Let’s have a look at the Rust implementation of fn next_day(). It starts with two nested for loops to go through all cells in the grid:

for x in 0..self.w {
    for y in 0..self.h {
        /* ...more code... */
    }
}

In this example, x goes from 0 to self.w (exclusive self.w). The two dots between the two values create a range of integers that the for loop iterates over. This is how for loops are written in Rust: some variable x iterates over something iterable. In this case, something iterable is a range of numbers. Similarly, we could iterate over the values of an array (for element in slice { /* do something with element */ }).

Peeking inside the loop body, it starts with a lookup in the input array:

let current = self.get(input, x, y);

The function get is defined further down in lib.rs. It reads the corresponding u8 from the input array and converts it to an InfectionStatus according to the constants defined in JavaScript. Thus, the current variable is of type InfectionStatus and we can use Rust’s powerful pattern matching on it:

let current = self.get(input, x, y);
let mut next = current;
match current {
    Healthy => {
        if self.chance_to_catch_covid_today(input, x, y) > self.rng.gen() {
            next = Infected(1);
        }
    }
    Infected(days) => {
        if self.death_rate > self.rng.gen() {
            next = Dead;
        } else if days >= self.recovery {
            next = Immune;
        } else {
            next  = Infected(days + 1);
        }
    }
    Dead | Immune => { /* NOP */ }
}
self.set(output, x, y, next);

Okay, that’s a lot of code. Let me break it down. First, we set next to the same value as current. (By default, the output status should be the same as the input status.) Then, the match current block switches between the possibilities for the current infection status.

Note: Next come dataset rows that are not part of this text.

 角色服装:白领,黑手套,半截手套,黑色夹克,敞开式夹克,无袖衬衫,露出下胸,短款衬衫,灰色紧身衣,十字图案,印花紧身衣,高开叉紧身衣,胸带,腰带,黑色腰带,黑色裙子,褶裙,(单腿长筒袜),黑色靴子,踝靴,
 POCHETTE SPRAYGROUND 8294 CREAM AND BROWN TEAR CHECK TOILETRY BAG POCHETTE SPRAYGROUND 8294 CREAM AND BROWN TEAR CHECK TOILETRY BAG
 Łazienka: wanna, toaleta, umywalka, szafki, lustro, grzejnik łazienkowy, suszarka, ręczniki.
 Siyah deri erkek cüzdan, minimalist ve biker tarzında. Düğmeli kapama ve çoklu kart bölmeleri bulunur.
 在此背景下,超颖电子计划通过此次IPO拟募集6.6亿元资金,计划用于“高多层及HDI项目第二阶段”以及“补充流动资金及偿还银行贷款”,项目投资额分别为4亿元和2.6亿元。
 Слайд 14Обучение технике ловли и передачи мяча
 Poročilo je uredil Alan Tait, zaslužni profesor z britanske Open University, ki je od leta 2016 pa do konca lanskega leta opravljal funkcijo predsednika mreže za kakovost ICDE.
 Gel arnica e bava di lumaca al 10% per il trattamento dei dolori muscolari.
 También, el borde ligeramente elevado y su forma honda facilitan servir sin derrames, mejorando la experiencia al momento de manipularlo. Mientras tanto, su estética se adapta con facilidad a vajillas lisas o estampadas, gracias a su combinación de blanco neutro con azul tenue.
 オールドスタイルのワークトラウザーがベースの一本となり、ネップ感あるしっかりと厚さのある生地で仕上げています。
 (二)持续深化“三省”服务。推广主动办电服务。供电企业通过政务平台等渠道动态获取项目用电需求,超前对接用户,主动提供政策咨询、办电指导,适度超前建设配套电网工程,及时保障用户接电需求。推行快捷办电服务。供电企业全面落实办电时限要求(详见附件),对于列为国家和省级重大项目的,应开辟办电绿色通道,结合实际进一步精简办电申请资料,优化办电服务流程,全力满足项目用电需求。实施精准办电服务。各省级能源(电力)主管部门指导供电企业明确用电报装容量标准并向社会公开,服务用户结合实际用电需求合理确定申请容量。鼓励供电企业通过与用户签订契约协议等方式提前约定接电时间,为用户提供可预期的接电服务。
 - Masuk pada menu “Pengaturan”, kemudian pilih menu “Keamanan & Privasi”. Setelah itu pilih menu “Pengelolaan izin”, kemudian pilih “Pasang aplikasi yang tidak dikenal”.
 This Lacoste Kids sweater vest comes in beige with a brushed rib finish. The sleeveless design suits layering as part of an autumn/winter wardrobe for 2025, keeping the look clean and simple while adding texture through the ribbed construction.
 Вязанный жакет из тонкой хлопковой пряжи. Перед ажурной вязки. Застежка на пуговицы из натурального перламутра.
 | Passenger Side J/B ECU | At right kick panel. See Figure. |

If the cell is healthy now, we compute the chance to get infected today in a separate function that will loop over all neighbors in the configured radius. (Details omitted here.) This function returns a value between 0.0 and 1.0, which we compare against a random number in the same range, generated on the spot. If the chance to get infected today is higher than the random number, we set next to Infected(1), meaning that this is the first day the cell is infected. (Note: in Rust we generally omit parentheses around the if condition.)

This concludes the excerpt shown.